Locked, Not Loaded: TSA shows how to carry a gun on a plane

By now, everyone knows or should know that you can’t take a gun on a plane.

Still, the Transportation Safety Administration set a 20-year agency record last year for firearms found in passengers’ carry-on luggage, TSA officials said at a news conference Thursday morning.

“You can’t take a gun in your carry-on luggage, that’s the difference, but you can take it in your checked luggage,” TSA spokeswoman Patricia Mancha said at the mid-morning event at Brownsville-South Padre Island International Airport.

Transportation Security Administration supervisor Juanita Landeros indicates the padlocks enclosing a rifle travel case Thursday, July 28, 2022, during a Transportation Security Administration media event about traveling with firearms at the Brownsville-South Padre Island International Airport. (Denise Cathey/The Brownsville Herald)

The important point is that you must declare the firearm when you check your baggage.

Mancha said TSA officers around the country found about 4,000 guns in travelers’ carry-on luggage last year. “This year we’re trending to possibly surpass that. That’s unacceptable,” she said.

“It’s really about what you have to do if you want to travel with your gun,” she said. “We don’t want to keep anyone from traveling with their gun, but what you must do is bring it in a hard-sided container that locks. It must be unloaded, with no bullets in the chamber or inside the gun.

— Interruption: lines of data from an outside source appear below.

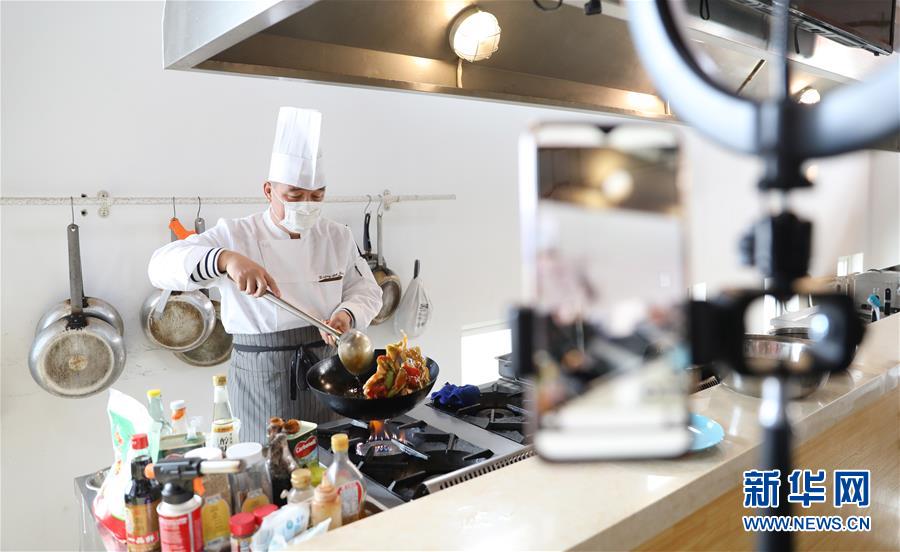 3月4日,職教城內(nèi)的鞍山市現(xiàn)代服務(wù)學(xué)校的李崇老師為學(xué)生進行遼菜烹飪實訓(xùn)網(wǎng)絡(luò)授課。遼寧省鞍山市職教城內(nèi)的各類職業(yè)教育學(xué)校從3月2日恢復(fù)網(wǎng)絡(luò)授課以來,教師們設(shè)置了豐富多彩的課程,提高1萬余名學(xué)生線上學(xué)習(xí)的積極性。新華社記者 姚劍鋒攝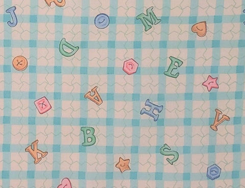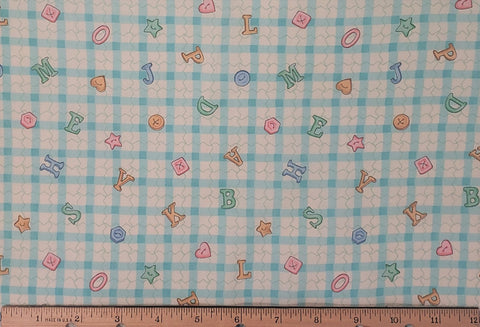 MBT - White and Bright Blue Check Fabric / Cartoon-Style Summer Print / Glitter Accents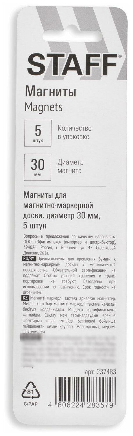 | Дополнительная информация | диаметр магнита составляет 30 мм |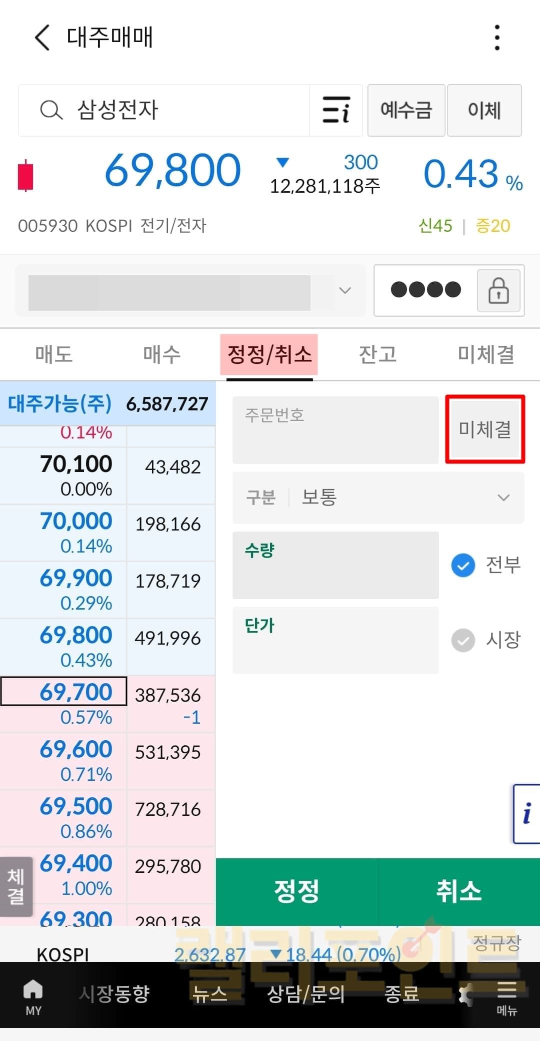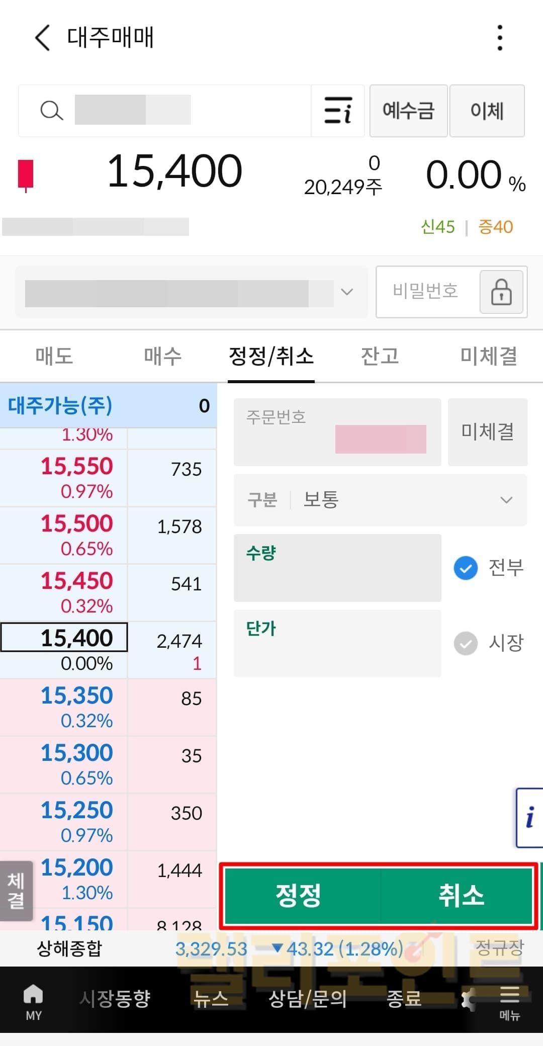 공매도 미체결 주문 정정 및 취소하기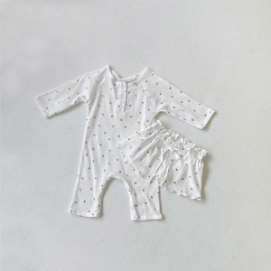 2025秋新款新生儿衣服a类婴儿纯棉复古小碎花长款包屁衣+披肩两件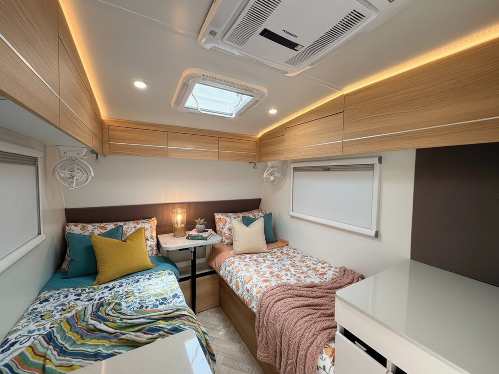 Smart interior design with twin single beds, delivering comfort and practicality in a compact caravan.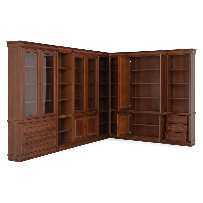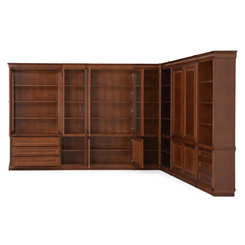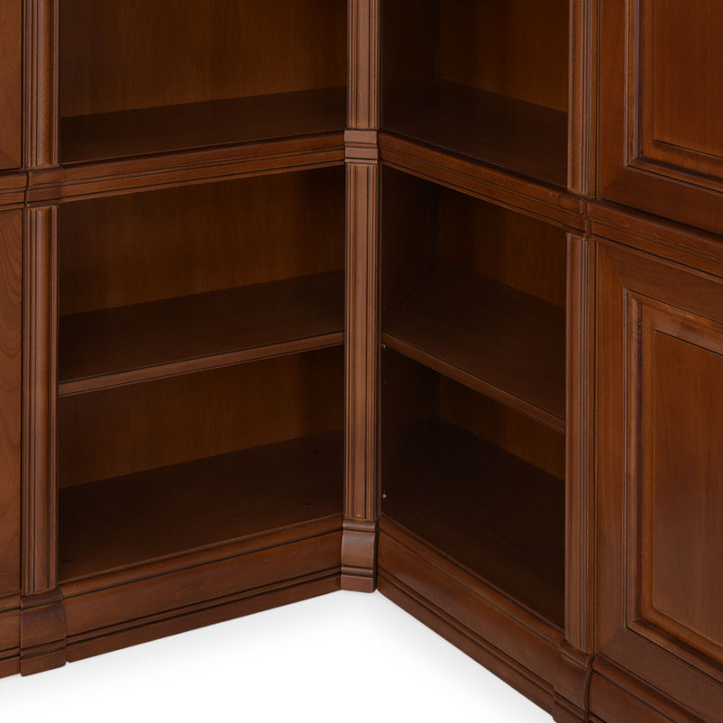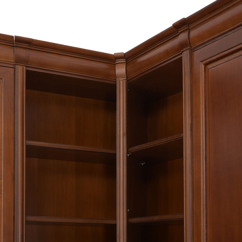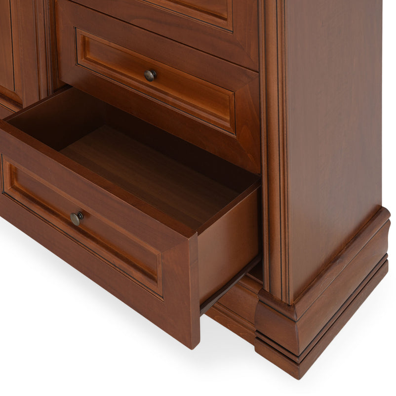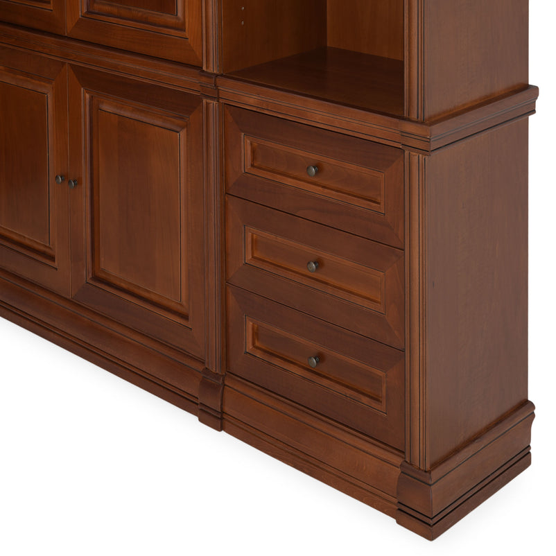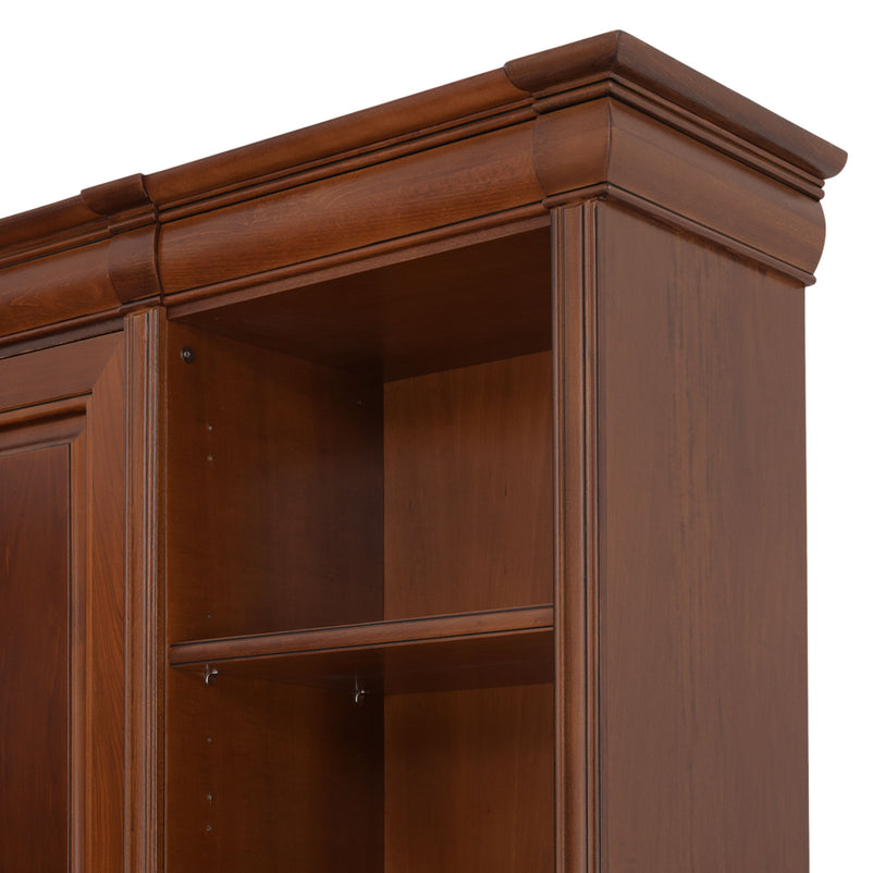 Ansamblu living Louis Philippe. Gama de mobilier Louis Philippe transformă căminul vostru într-o simfonie dedicată clasicului francez. Ansamblul living din gama Louis Philippe este o piesă de mobilier plină de eleganță, grație elementelor ce o definesc. Acesta este prevăzut cu mai multe spații, care vă oferă posibilitatea să vă depozitați lucrurile și obiectele într-un mod organizat și sigur. Ansamblul este realizat din materiale de calitate, finisajul în culoarea cireșului oferindu-i eleganță și stil. De asemenea, cromatica este deosebită, aducând decorului un aer nobil. Utilizată ca produs independent, etajera necesită achiziționarea unui set de 2 pereți terminali. Într-o compoziție personalizată, cu mai multe etajere, este necesară achiziționarea de pereți intermediari și a unui set de 2 pereți terminali. Setul de pereți terminali are rol de stabilitate și aduce un plus de eleganță prin faptul că soclul și cornișa se continuă și pe lateral. Peretele intermediar are rol de legătură între două etajere, la interiorul ansamblului. Canturile acestuia sunt rotunjite exprimând eleganță și bun gust.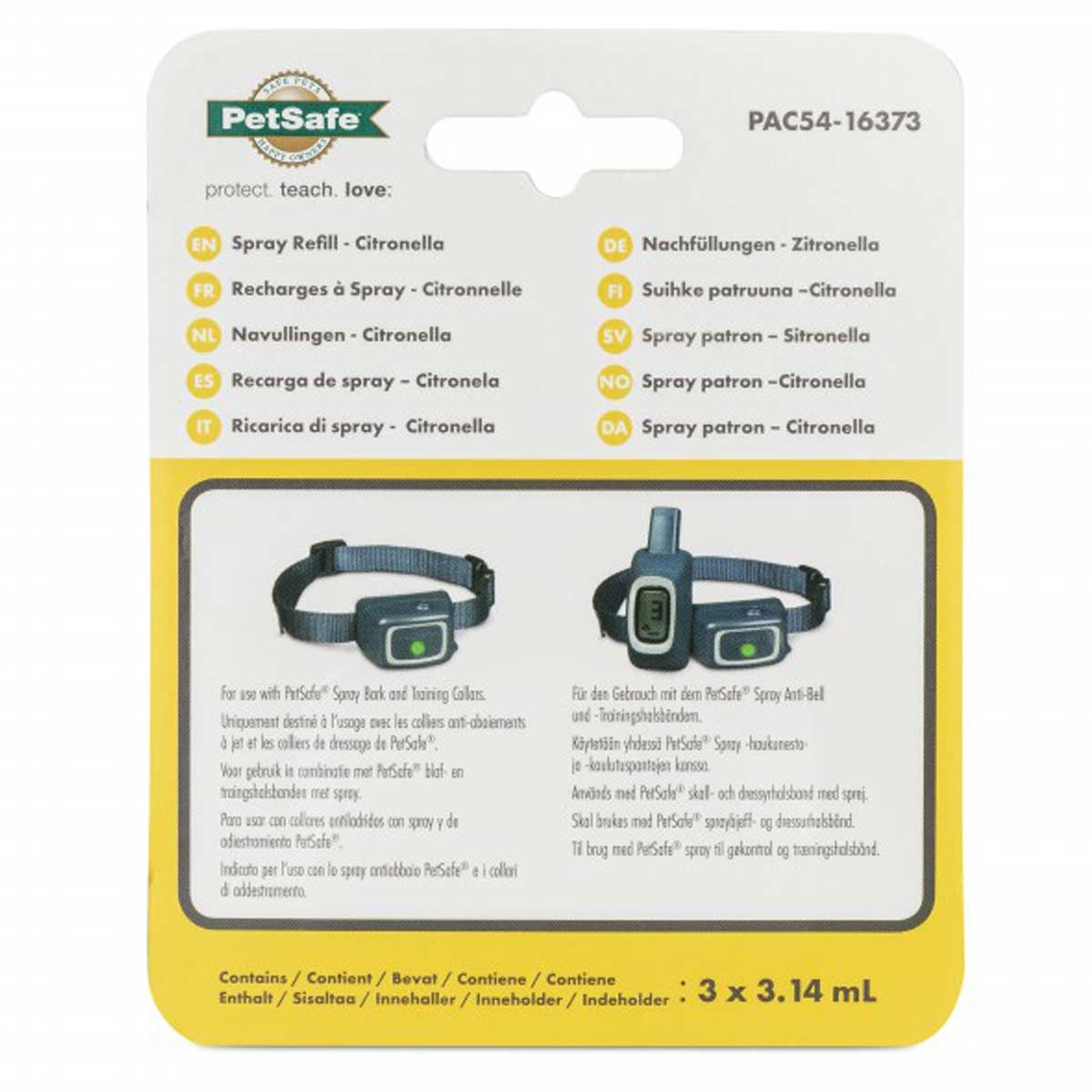 - Kompatibilis nyakörvek A PetSafe® szagtalan utántöltő patronokat a PetSafe® Spray ugatásgátló nyakörvekkel és edzőgallérokkal való használatra tervezték; NEM kompatibilisek a PetSafe® GentleSpray®-vel, az Elite ugatásgátló spray nyakörvvel nagy és kis kutyák számára, vagy az Elite spray trénerekkel nagy és kis kutyák számára.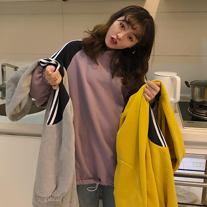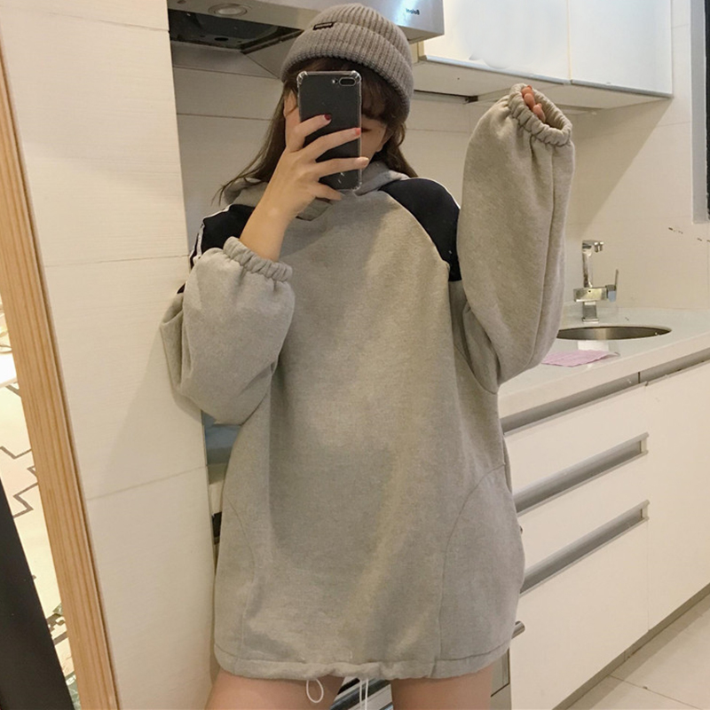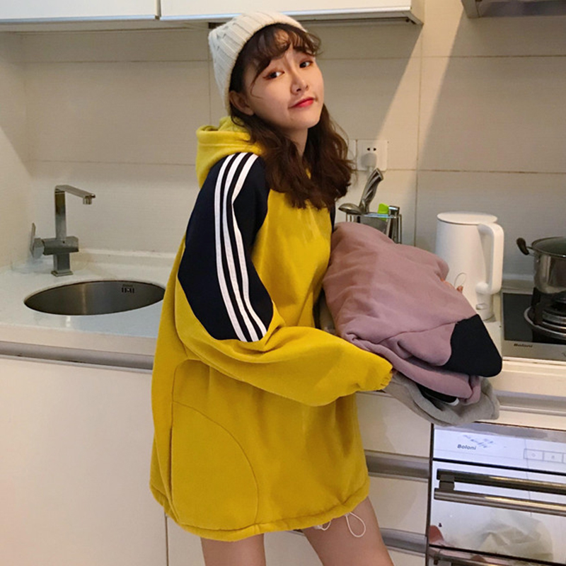 / 港味chic風中長款加絨衛衣女秋冬裝2018新款寬松拼色條紋連帽外套

“You can bring ammunition. It just cannot be in the gun, and then the last step is it must be declared with the airline at the time that you check your luggage because every piece of luggage that comes through is X-rayed and photographed just like everything you carry on,” she said.

Mancha said this year at Austin-Bergstrom International Airport, TSA found four guns in passengers’ carry-on luggage on the same day. Every single one of them said they forgot the gun was in the carry-on.

“Another thing that maybe people don’t think about when they leave the gun in their carry-on is that they may miss their flight because when a gun is found our TSA officers will stop the line and call the police.”

Once the line is closed, everyone behind the person with the gun has to go to the next lane, “so you impact not only yourself but everyone in line behind you. You’re just making the line longer,” she said.

“So, fines up to $14,000, possible arrest and the possibility of you missing your flight, not to mention the impacts it may have on your personal life. … Also, we actually find guns in people’s checked luggage that they didn’t declare and then they get fined,” she said.

TSA supervisor Juanita Landeros demonstrated how to pack a gun into a hard-sided case, as well as what a rifle carrying case looks like. These cases are prevalent during hunting season in the Rio Grande Valley and northern Mexico.

Additionally, Landeros showed a variety of items voluntarily abandoned by passengers when they were discovered during check-in. Included were construction tools like a hammer, utility knives, various pocket- knives, a corkscrew with a knife and others.

“Construction tools that incorporate a knife or can be used as a weapon, any type of knife that has a blade are not allowed in carry-on,” she said.